In this final module, we’ll explore Wordclouds, Social Network Analysis (SNA), and Heatmaps—three advanced visualization techniques. These tools are highly customizable, and today, we’ll focus on the foundational steps to get you started.

Module Goal

By the end of this module, you’ll be able to create these visualizations and uncover patterns in your data. Remember, all the codes are provided, but I encourage you to modify them and try using your own data for a deeper understanding.

Part 1: Word Cloud with Text Data

We’ll begin by creating a word cloud from student text data, such as survey responses or discussion board posts. A word cloud visually represents the frequency of words in a text, with more frequent words appearing larger.

1. Setup

library(tm)        # For text mining
Loading required package: NLP
library(wordcloud) # For word cloud visualization
Loading required package: RColorBrewer
library(RColorBrewer) # For color palettes

2.Loading Data

The data for a word cloud is typically a plain text file. We’ll use a text file from the Handbook of Learning Analytics (2022) for this example. Handbook of Learning Analtics (2022). This book was converted to a txt file for our analytics. Check our data folder.

# Load the data
la <- read.delim("data/Handbook of LA.txt", header = FALSE, stringsAsFactors = FALSE)

# Create a text corpus, which is a collection of text documents
doc <- Corpus(VectorSource(la))

head(doc)
<<SimpleCorpus>>
Metadata:  corpus specific: 1, document level (indexed): 0
Content:  documents: 1

Note: The read.delim() function is used to read a plain text file. The header=FALSE and stringsAsFactors = FALSE arguments ensure the file is read as a single block of text rather than a table.

3. Text Preprocessing

Before creating the word cloud, we need to “clean” the text by removing common words, punctuation, and numbers. This ensures our word cloud is meaningful.

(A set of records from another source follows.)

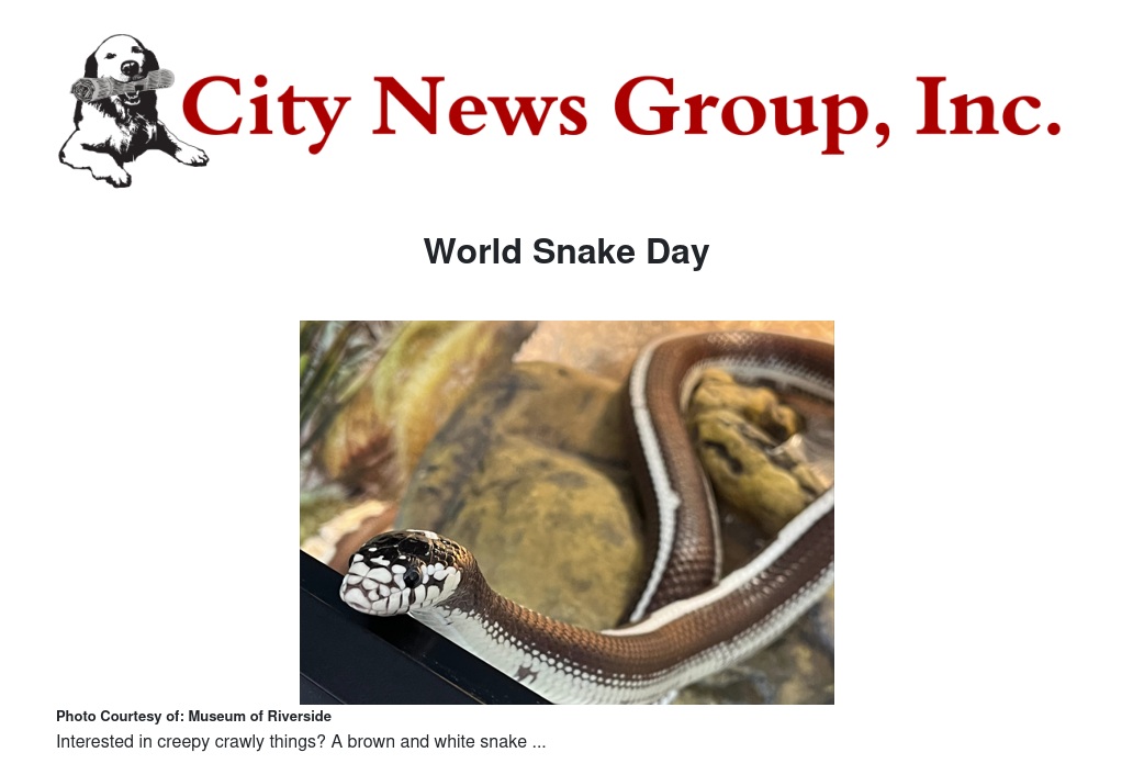 Celebrate World Snake Day with the Museum of Riverside! Meet some of our live snakes and learn about their fascinating biology, dispel the myths surrounding them, and hear what you can do to help conserve these important players in our local ecosystems.
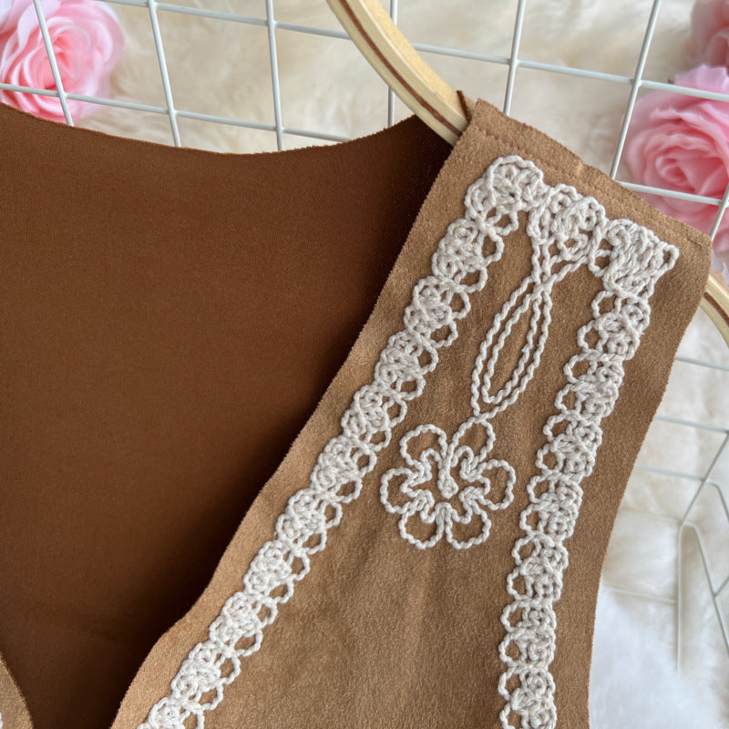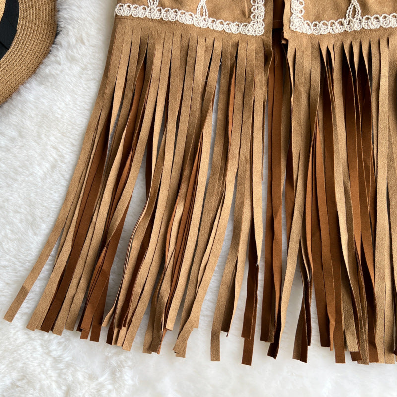 Bohemian Vintage Vest – Embroidered Floral Long Fringe Open Front Cardigan
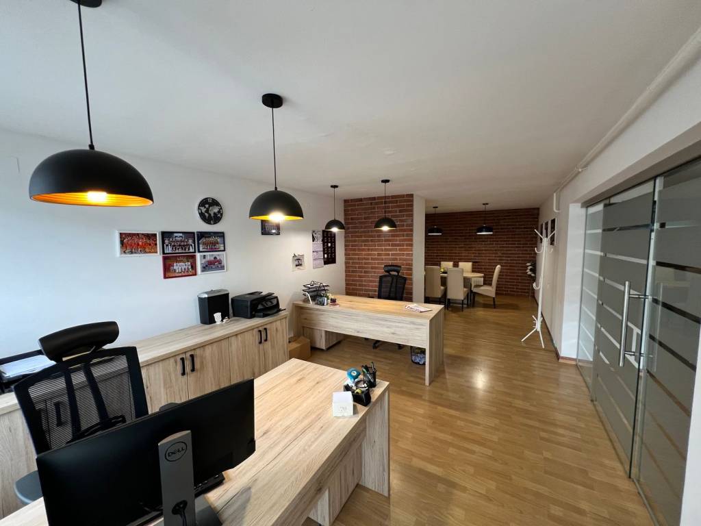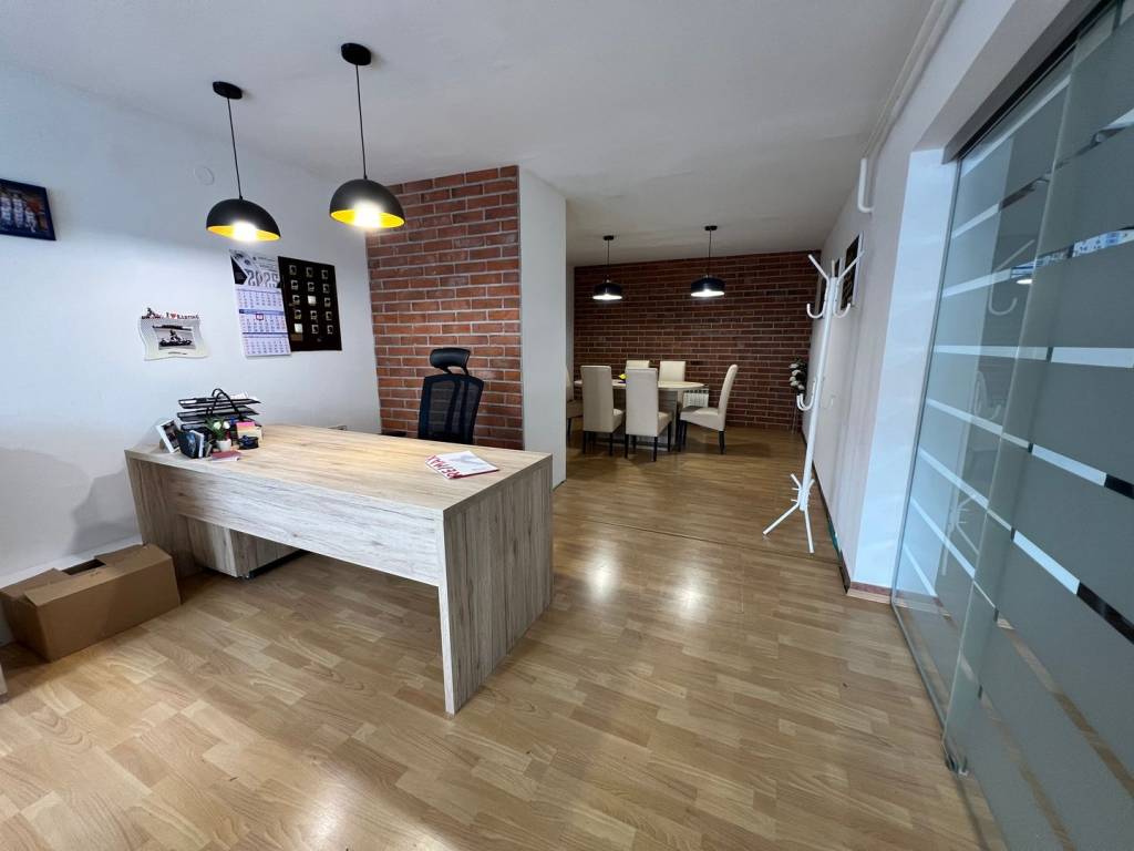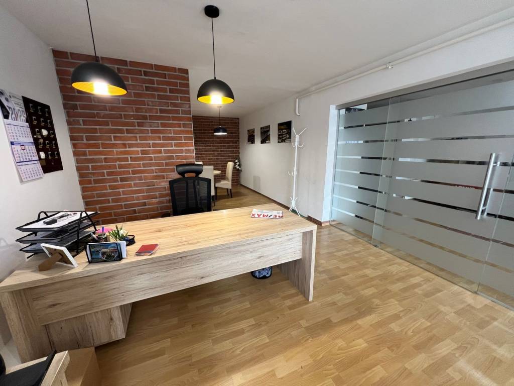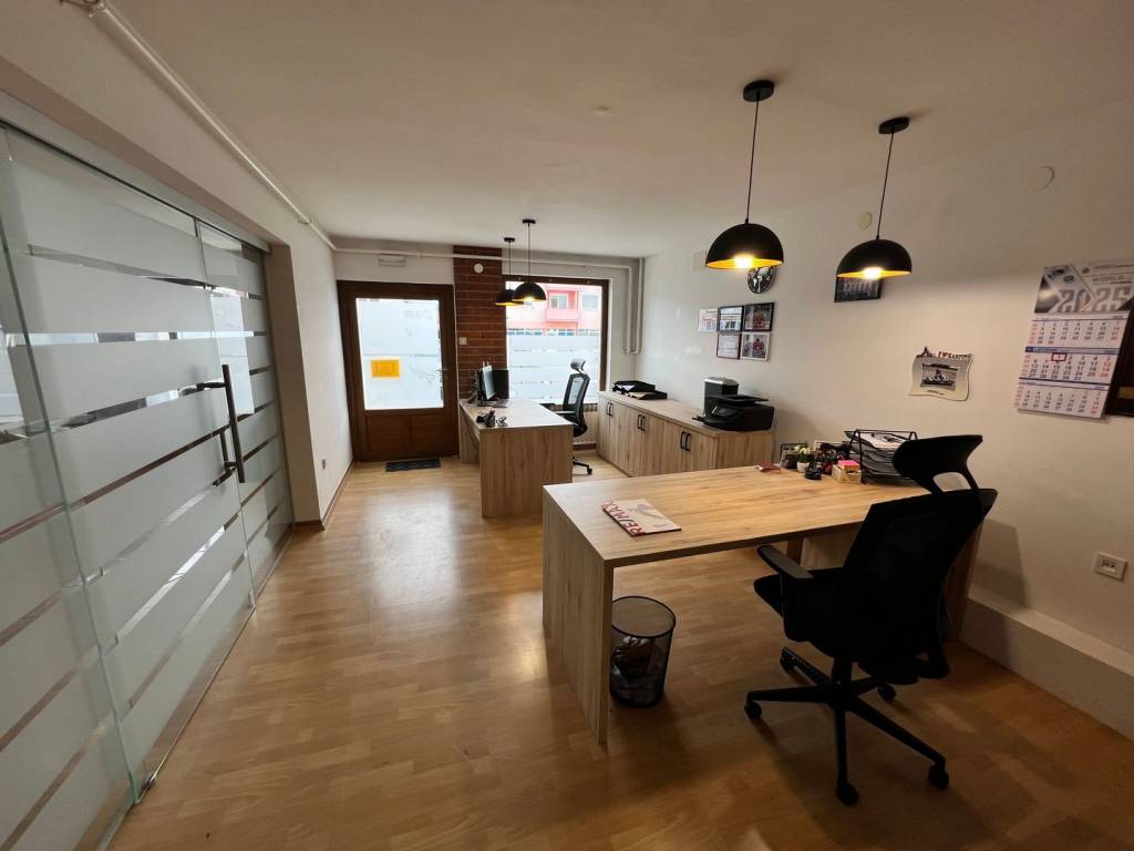 Die Immobilie ist in Privatbesitz und eignet sich für verschiedene Tätigkeiten – von Büros bis hin zu kleineren Handwerksbetrieben und Dienstleistungsunternehmen. Sie ist nach Westen ausgerichtet und verfügt dank einer großen Glasfront an der Vorderseite über viel natürliches Licht.
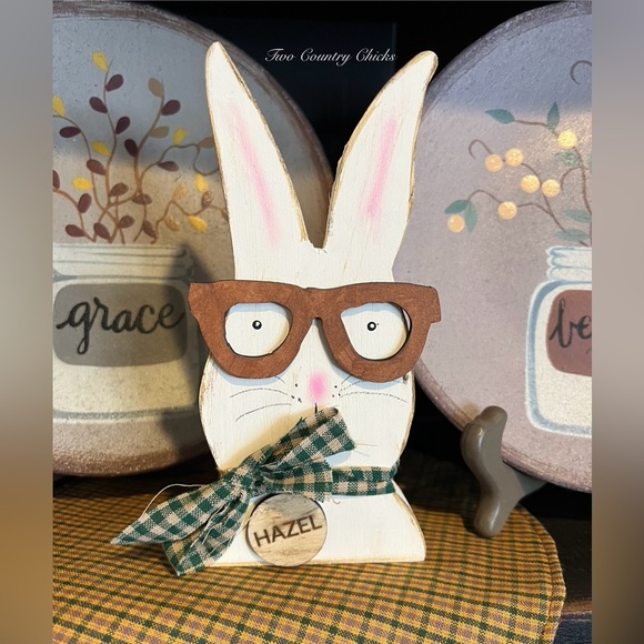 Sweet Hazel is a smart looking country rabbit with her wood spectacles, homespun fabric tie and wood name tag. Hand cut and painted, She is slightly distressed solid wood and measures approximately 6.5”h

# Define a function to replace specific patterns with a space
toSpace <- content_transformer(function (x, pattern) gsub(pattern, " ", x))

# Apply text transformations
doc <- tm_map(doc, toSpace, "/")
Warning in tm_map.SimpleCorpus(doc, toSpace, "/"): transformation drops
documents
doc <- tm_map(doc, toSpace, "@")
Warning in tm_map.SimpleCorpus(doc, toSpace, "@"): transformation drops
documents
doc <- tm_map(doc, toSpace, "\\|")
Warning in tm_map.SimpleCorpus(doc, toSpace, "\\|"): transformation drops
documents
doc <- tm_map(doc, content_transformer(tolower))   # Convert to lowercase
Warning in tm_map.SimpleCorpus(doc, content_transformer(tolower)):
transformation drops documents
doc <- tm_map(doc, removeWords, c(stopwords("english"), "https","can","doi")) # Remove common stopwords
Warning in tm_map.SimpleCorpus(doc, removeWords, c(stopwords("english"), :
transformation drops documents
doc <- tm_map(doc, removeNumbers)                    # Remove numbers
Warning in tm_map.SimpleCorpus(doc, removeNumbers): transformation drops
documents
doc <- tm_map(doc, removePunctuation)          # Remove punctuation
Warning in tm_map.SimpleCorpus(doc, removePunctuation): transformation drops
documents
doc <- tm_map(doc, stripWhitespace)           # Remove extra whitespace
Warning in tm_map.SimpleCorpus(doc, stripWhitespace): transformation drops
documents
# You can add more words to remove by updating the stopwords list.

Note: You might get a lengthy list of warning messages when you run the code above. As long as it’s not an error message, we can continue.

4. Creating the Word Cloud

Now, we’ll create the word cloud by first counting the frequency of each word.

# Create a term-document matrix to count word frequencies
dtm <- TermDocumentMatrix(doc)

# Convert the matrix to a data frame of word frequencies
m <- as.matrix(dtm)
v <- sort(rowSums(m), decreasing = TRUE)
d <- data.frame(word = names(v), freq = v)

# Display the top 10 words
head(d, 10)
                   word freq
learning       learning 3037
analytics     analytics 1443
data               data 1112
–                     – 1084
url                 url  638
education     education  466
educational educational  441
research       research  417
knowledge     knowledge  360
analysis       analysis  358
# Create the word cloud
set.seed(1234)
wordcloud(words = d$word, freq = d$freq, min.freq = 2,
          max.words = 150, random.order = FALSE, rot.per = 0.35, 
          colors = brewer.pal(8, "Dark2"))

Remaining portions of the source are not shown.